* Activity:
Each record is to be printed again exactly, though not its pictures.

▬▬▬▬▬▬

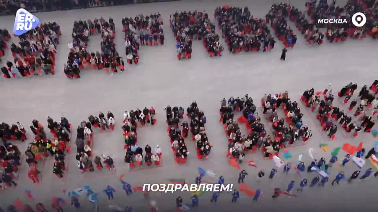 Тысячи активистов Молодой Гвардии и Волонтерской Роты вышли на акции в регионах. В Москве они выстроились в живую надпись Поздравляем от Донбасса до Камчатки и подняли флаги всех 89 регионов.
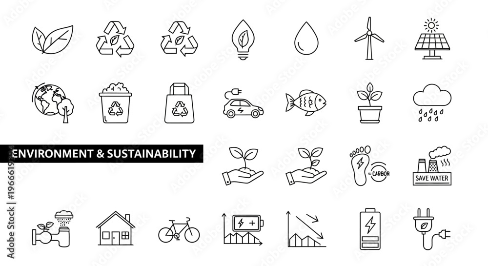 Environment and Sustainability Icons Renewable Energy, Recycling, and Nature #1966619394
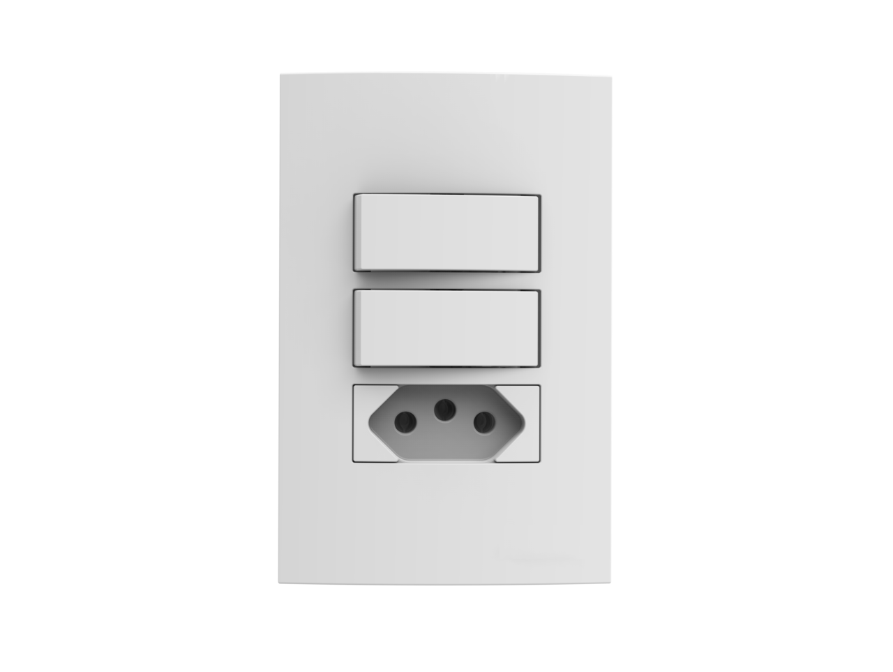 - Tipo: Conjunto 4×2 com 2 interruptores simples e 1 tomada 2P+T (3 pinos: fase, neutro e terra).
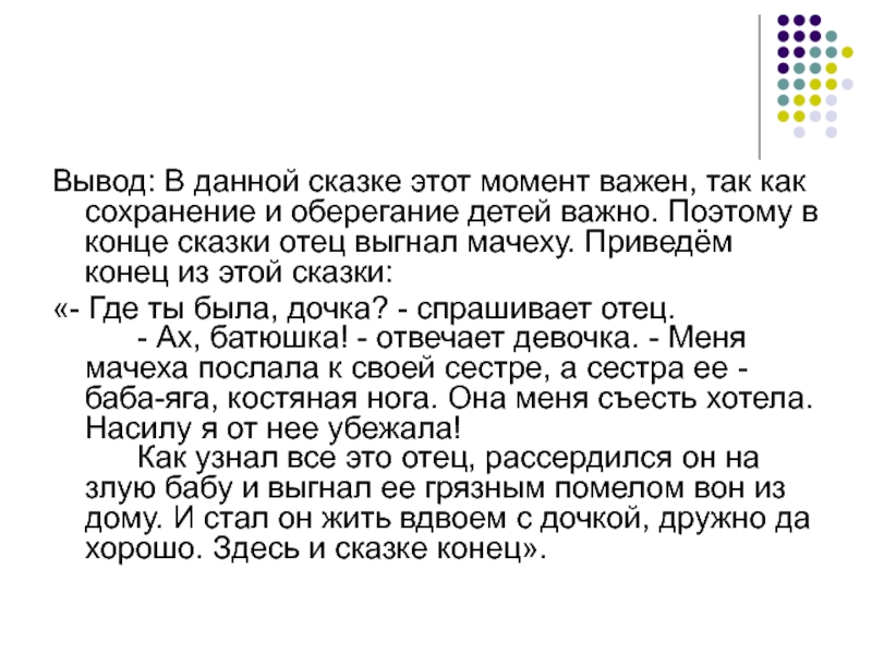 Слайд 9Вывод: В данной сказке этот момент важен, так как сохранение и
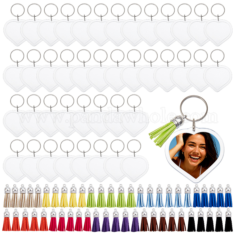 • (52) Непрозрачная лаванда Набор для изготовления брелка своими руками, включая брелок с фоторамкой в форме сердца из акрила, Искусственные замши кисточкой подвесные украшения, разноцветные, 80 мм
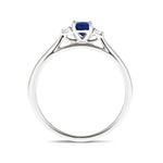 Blue Sapphire 0.60ct Diamond 0.06ct Three Stone Ring 9k White Gold
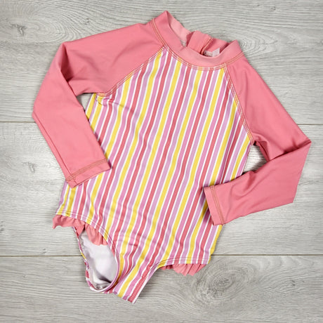 Joe Fresh pink striped long sleeve swimsuit. Size 12-18 months
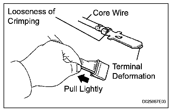 Check by pulling the wire harness lightly from the backside of the connector. Look for unlatched terminals, missing terminals, loose crimps or broken conductor wires. Check visually for corrosion, metallic or foreign matter and water, and bent, rusted, overheated, contaminated, or deformed terminals.
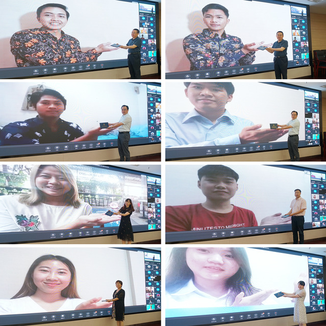 境內(nèi)老撾留學(xué)生寶麗作為畢業(yè)生代表進行了發(fā)言,她回憶了在學(xué)校、在中國學(xué)習(xí)生活的點點滴滴,以及感受到的疫情期間“中國奇跡”,和學(xué)校的溫暖與力量,并表示回國后會為中老友誼做出自己的努力。遠在柬埔寨的蕭志勇作為境外畢業(yè)生代表發(fā)言,他表示自己一直擁有一個“中國留學(xué)夢”,這段不平凡的經(jīng)歷讓他收獲良多,并表達了對學(xué)校和老師感謝。
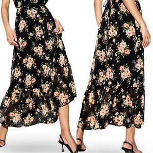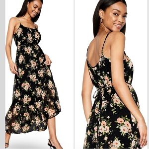 NWTSđź’“THE OCCASION LGđź’“PREMIUM LINE BLACK FLORAL CHIFFON WAIST DEFINED MAXI DRESS

▬▬▬▬▬▬

* Answer to the problem:
 Тысячи активистов Молодой Гвардии и Волонтерской Роты вышли на акции в регионах. В Москве они выстроились в живую надпись Поздравляем от Донбасса до Камчатки и подняли флаги всех 89 регионов.
 Environment and Sustainability Icons Renewable Energy, Recycling, and Nature #1966619394
 - Tipo: Conjunto 4×2 com 2 interruptores simples e 1 tomada 2P+T (3 pinos: fase, neutro e terra).
 Слайд 9Вывод: В данной сказке этот момент важен, так как сохранение и
 • (52) Непрозрачная лаванда Набор для изготовления брелка своими руками, включая брелок с фоторамкой в форме сердца из акрила, Искусственные замши кисточкой подвесные украшения, разноцветные, 80 мм
 Blue Sapphire 0.60ct Diamond 0.06ct Three Stone Ring 9k White Gold
 Joe Fresh pink striped long sleeve swimsuit. Size 12-18 months
 Check by pulling the wire harness lightly from the backside of the connector. Look for unlatched terminals, missing terminals, loose crimps or broken conductor wires. Check visually for corrosion, metallic or foreign matter and water, and bent, rusted, overheated, contaminated, or deformed terminals.
 境內(nèi)老撾留學(xué)生寶麗作為畢業(yè)生代表進行了發(fā)言,她回憶了在學(xué)校、在中國學(xué)習(xí)生活的點點滴滴,以及感受到的疫情期間“中國奇跡”,和學(xué)校的溫暖與力量,并表示回國后會為中老友誼做出自己的努力。遠在柬埔寨的蕭志勇作為境外畢業(yè)生代表發(fā)言,他表示自己一直擁有一個“中國留學(xué)夢”,這段不平凡的經(jīng)歷讓他收獲良多,并表達了對學(xué)校和老師感謝。
 NWTSđź’“THE OCCASION LGđź’“PREMIUM LINE BLACK FLORAL CHIFFON WAIST DEFINED MAXI DRESS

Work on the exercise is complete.